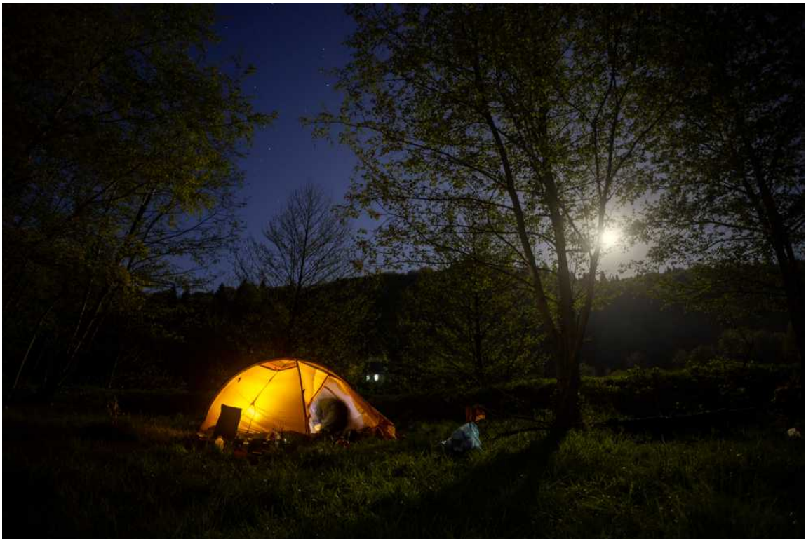
Ф. 27. В Рожкао встали лагерем у заброшенного магазина. Хорошо отдохнули, сходили в баню, вкусно поели. Через день по дороге вышли в Бескес, где наш поход считался завершённым.
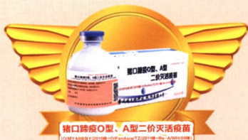
猪口蹄疫O型、A型二价灭活疫苗 中农威特生物科技股份有限公司
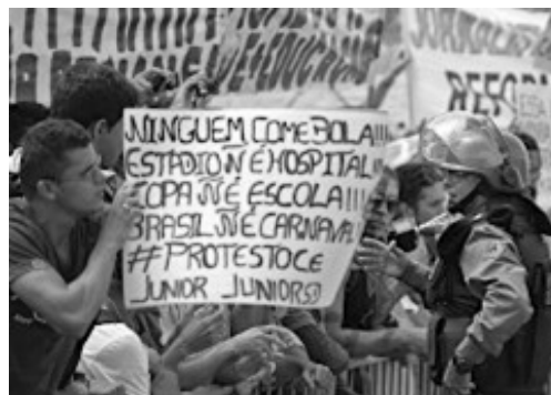
(Manifestação em Fortaleza em Junho de 2013)

Durante a realização da Copa das Confederações (junho de 2013), a imprensa nacional e internacional registrou inúmeras imagens de protestos ocorridos nas principais cidades brasileiras.
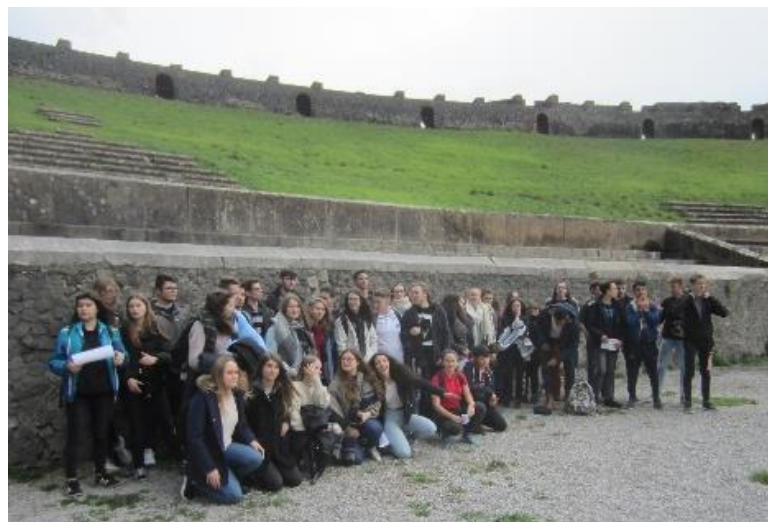
Dans l'amphithéâtre de Pompéi, février 2018
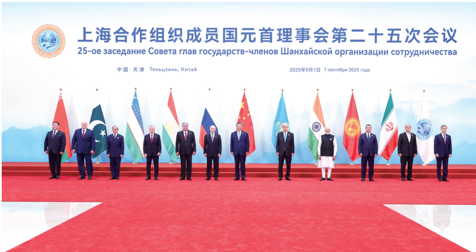
9月1日上午，上海合作组织成员国元首理事会第二十五次会议在天津梅江会展中心举行。中国国家主席习近平主持会议并发表题为《牢记初心使命 开创美好未来》的重要讲话。这是习近平同出席会议的上海合作组织成员国领导人、常设机构负责人集体合影。
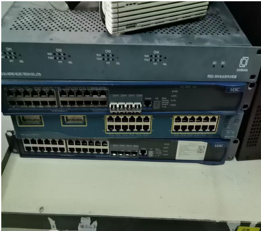
网络系统改扩建工程（交换机）
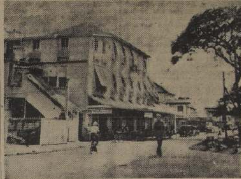
GEORGETOWN (Guayana Inglesa). — La actividad es grande en los periódicos en la capital de la inquieta Guayana Inglesa en estos días. En la foto, se muestra la oficina de uno de los periódicos locales que bulle con la actual crisis política. Gran Bretaña ha enviado buques de guerra y tropas a su única colonia en Sud América para contrarrestar el movimiento del Partido Progresista del Pueblo, que amenaza con apagar el poder colonial británico.
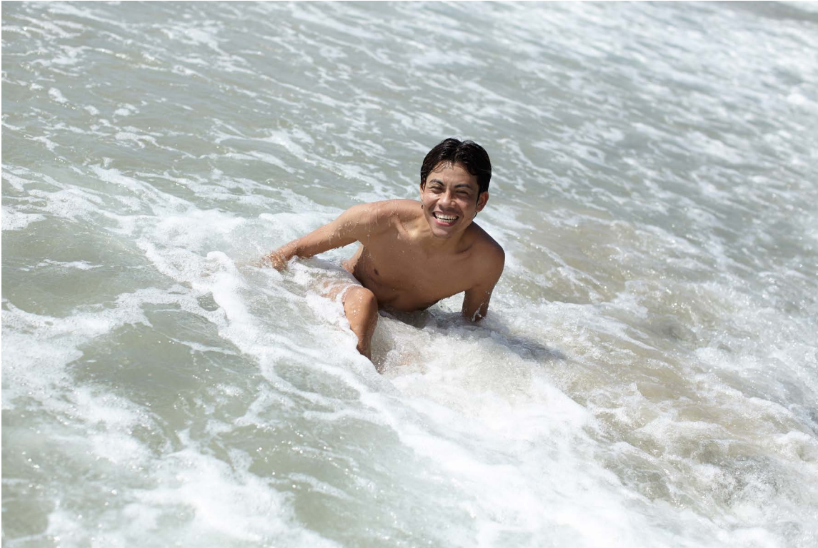
Снимок, сохраненный камерой.
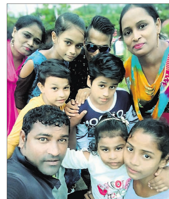
@ ମହମ୍ମଦ ଅଜରର
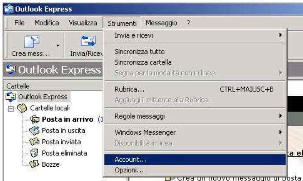
Figura 1: main
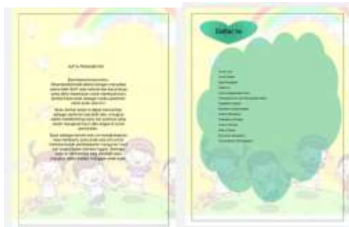
Gambar 3 Desain Kata Pengantar dan Daftar Isi
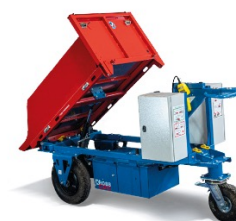
Kross Builder 500 TP CU:500 kg - Spécial enrobé
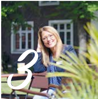
3 HAFTPFLICHT- VERSICHERUNG Seite 20
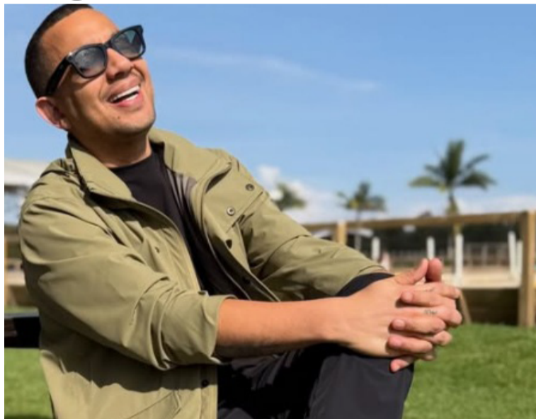
Busca recopilar historias sobre cómo sus canciones han marcado momentos clave en la vida de las personas.

El reconocido cantautor vallenato Felipe Peláez ha sorprendido a su comunidad digital con el anuncio de una iniciativa sin precedentes.
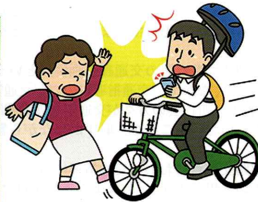
ながらスマホはしない！
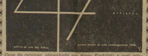
Capa do catálogo, ideada por Mauro Francini, com informações sobre a galeria, premios e artistas concorrentes, bem como fotografias de obras expostas e dos participantes do certame que será inaugurado amanhã.
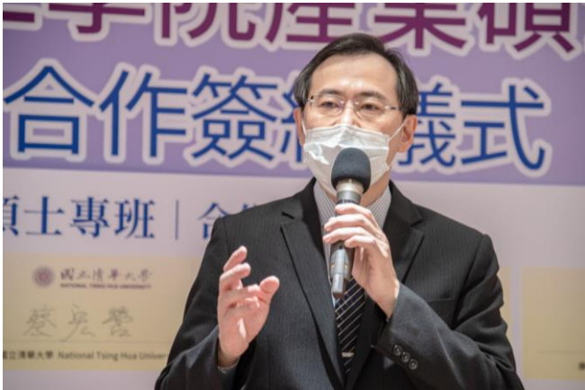
均華精密石敦智總經理表示，研發人才是企業發展的核心。
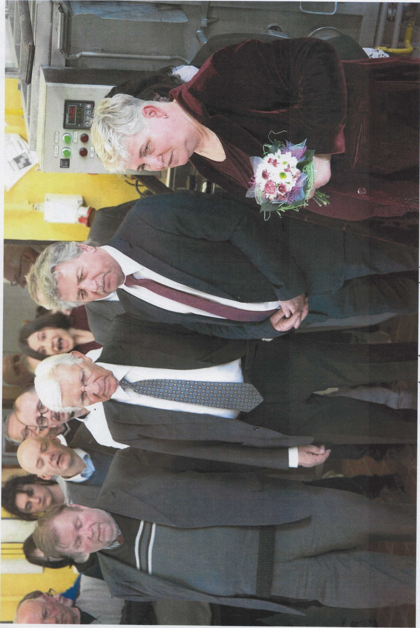
45. VÝROČÍ KALOŘENÍ PRACÍ
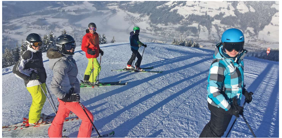
Morgens die Ersten auf frisch präparierten Pisten ins Tal nach Westendorf
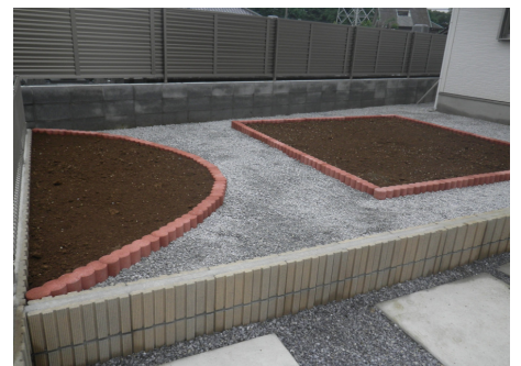
個人庭園樹木撤去
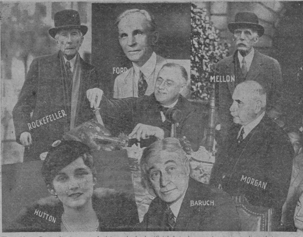
El presidente Roosevelt aparece en la foto, rodeado de algunos de los millonarios más conocidos de Norte América: Henry Ford, el rey de los "autos"; Jhon Rockefeller, el magnate del petróleo; el gran banquero Morgan, el antiguo ministro de Negocios Extranjeros, Mellon; el banquero Bernard Baruch y Bárbara Hutton, que ocupa el segundo lugar entre las más grandes fortunas del mundo, que heredó del fundador de los almacenes Noolworth, de Nueva Mayor. Por lo cual no quiere decir que mereció este triste fin; pero se lo parece mucho, según el comentario frío, salido de los labios de la mujer que le amó y que tan pronto olvidó acabó de morir en un accidente de automóvil en Albons para buscarle un sustituto.
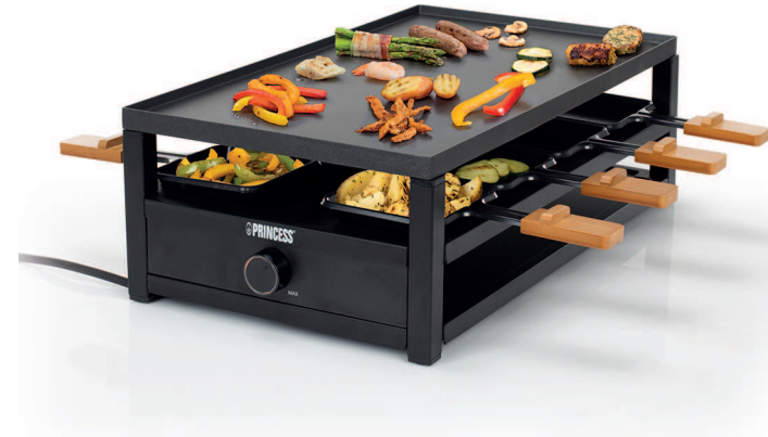
BLACK STEEL Raclette 01.162655.01.001

PARTS DESCRIPTION / ONDERDELENBESCHRIJVING / DESCRIPTION DES PIÈCES / TEILEBESCHREIBUNG / DESCRIPCIÓN DE LAS PIEZAS / DESCRICÃO DOS COMPONENTES / DESCRIZIONE DELLE PARTI / BESKRIVNING AV DELAR / OPIS CZĘŚCI / POPIS SOUČÁSTÍ / POPIS SÚČASTÍ
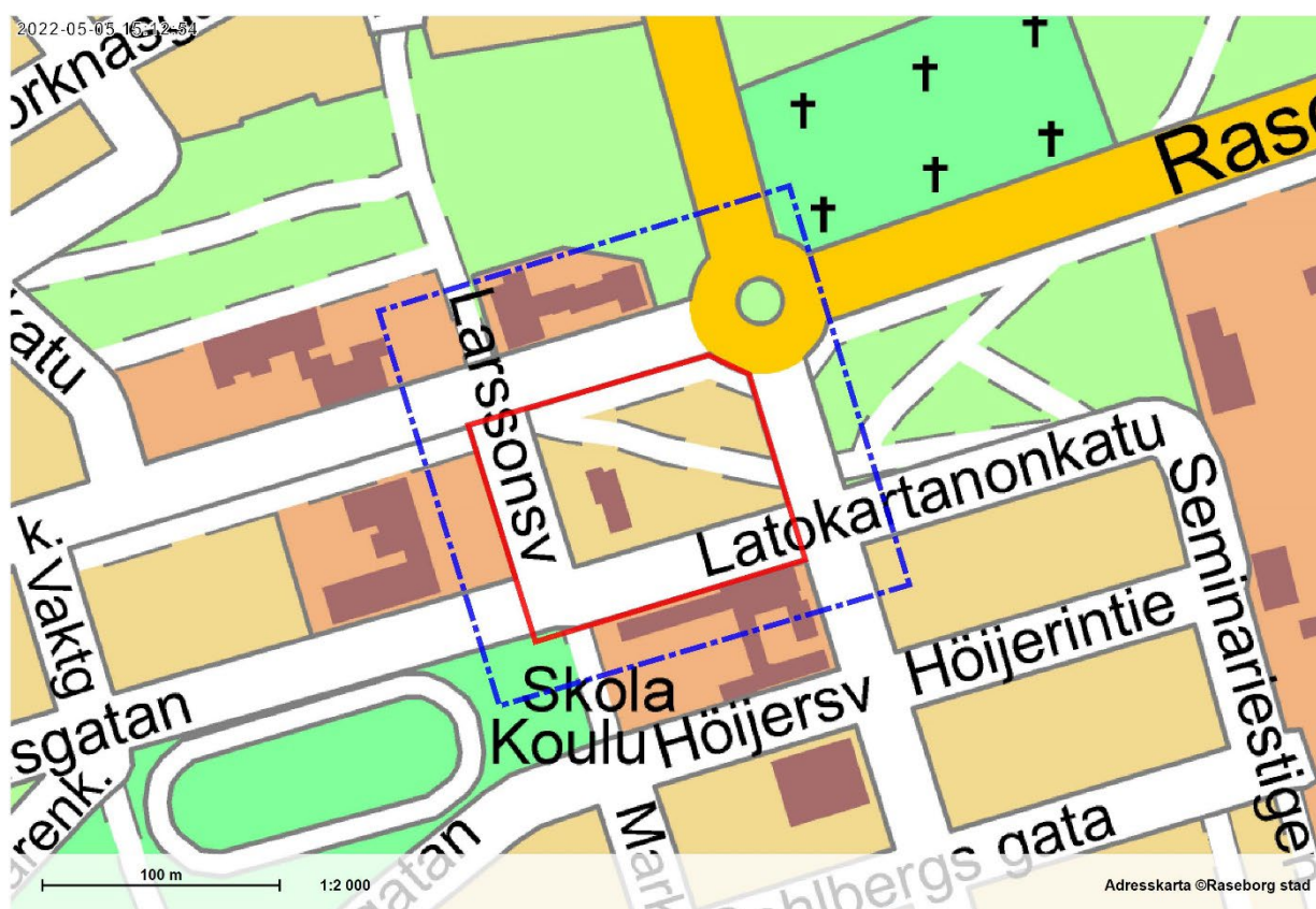
Bild 1. Planområdets läge (röd linje) och närinfluensområde (blå sträckad linje)
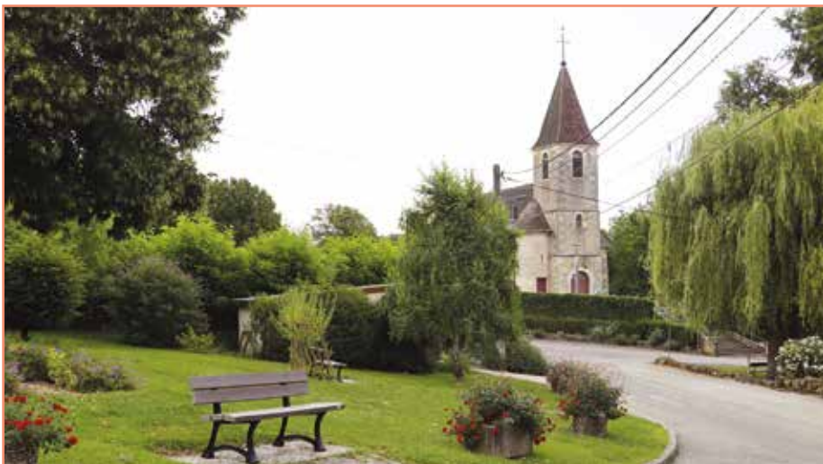
● Vue de l'église de Goux
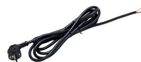
ПВС-ВПС22 3*1,5 3,0ч шнур ПВС-ВП 3*1,5 S22, черный, 3000 мм
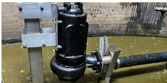
Pompe à purin immergée en action
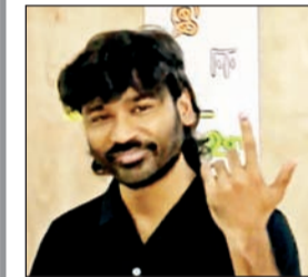
मुख्यमंत्री एम. के. स्टॅलिन
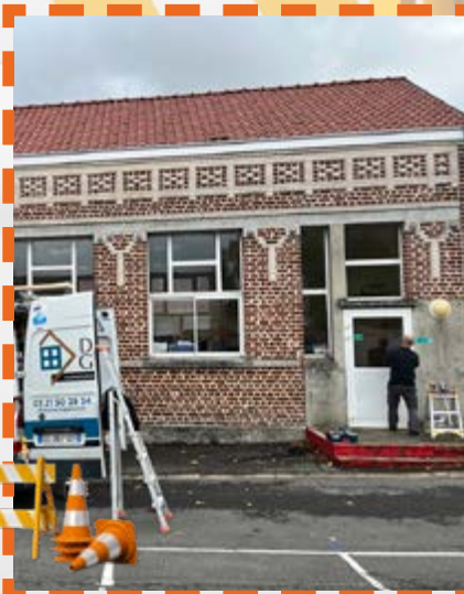
Pose de nouvelles menuiseries à l'école Curie

Rénovations, entretien, créations, sécurité améliorations du cadre de vie
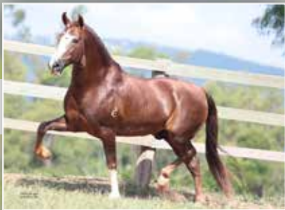
SEU PAI GALANTE DO EXPOENTE
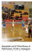
LA CRONACA. Privi dell'ala Nikolic e con il play Thomas, non al meglio per un problema muscolare, gli azzurri (49) da 2 a 25% da 3) hanno fatto clamorosamente il match più impressionante della stagione, difensivamente e anche mentalmente, non dando mai l'impressione di poter invertire i destini nefasti della contesa. In questa, ha avuto stonata solo nei primissimi minuti di gioco.

per poi trasformarsi in un monologo del team di casa (Nene Thomas e Roberts con 52 punti messi a segno in due), a sua volta privo del pivot Vedovato e dell'ala Benetti e con l'altro lungo Filley non il meglio fisicamente e reduce da un periodo di stop. Nella cattiva serata del team partenopeo, in doppia cifra la guardia Turner, con 16 punti, ma solo 1/6 da 2 punti e 4 palle perse e l'altro estremo, Mascio, con 21 punti e 7/12 al tiro: da rimarcare anche i 17 punti di un volenteroso Rosconi e i 7 rimbalzi di Camso. Napoli, ha preso il confronto anche con la piovra con Roma (38 canariblu catturati dai capitano contro le 23 del partenopeo), in una serata decisamente triste e infelice. Domenica prossima, gli azzurri affrontarono Triviole in la marea amiche, ma brucia davvero la sconfitta con Roma, che praticamente può dire al campionato del Cuore Napoli. Una stagione davvero da dimenticare e con tanti errori com-
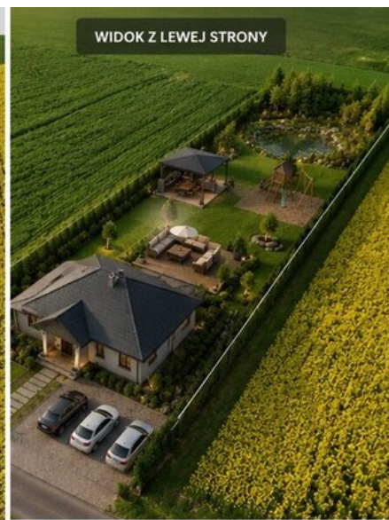
WIDOK Z LEWEJ STRONY
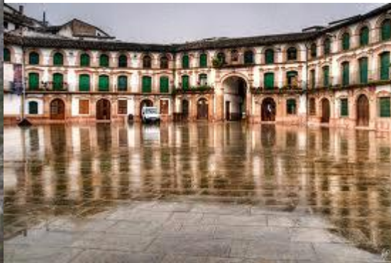
Plaza Ochavada (Archidona)
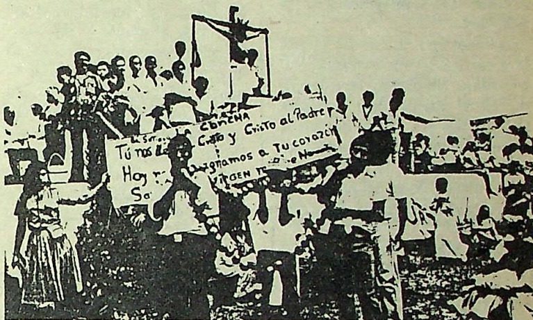
Celebración religiosa llamada "Consagración de Nicaragua a la Virgen María".

◆ Assignment
Report every line in the listing that holds the word "para".

◆ Response to the exercise
GEORGETOWN (Guayana Inglesa). — La actividad es grande en los periódicos en la capital de la inquieta Guayana Inglesa en estos días. En la foto, se muestra la oficina de uno de los periódicos locales que bulle con la actual crisis política. Gran Bretaña ha enviado buques de guerra y tropas a su única colonia en Sud América para contrarrestar el movimiento del Partido Progresista del Pueblo, que amenaza con apagar el poder colonial británico.
El presidente Roosevelt aparece en la foto, rodeado de algunos de los millonarios más conocidos de Norte América: Henry Ford, el rey de los "autos"; Jhon Rockefeller, el magnate del petróleo; el gran banquero Morgan, el antiguo ministro de Negocios Extranjeros, Mellon; el banquero Bernard Baruch y Bárbara Hutton, que ocupa el segundo lugar entre las más grandes fortunas del mundo, que heredó del fundador de los almacenes Noolworth, de Nueva Mayor. Por lo cual no quiere decir que mereció este triste fin; pero se lo parece mucho, según el comentario frío, salido de los labios de la mujer que le amó y que tan pronto olvidó acabó de morir en un accidente de automóvil en Albons para buscarle un sustituto.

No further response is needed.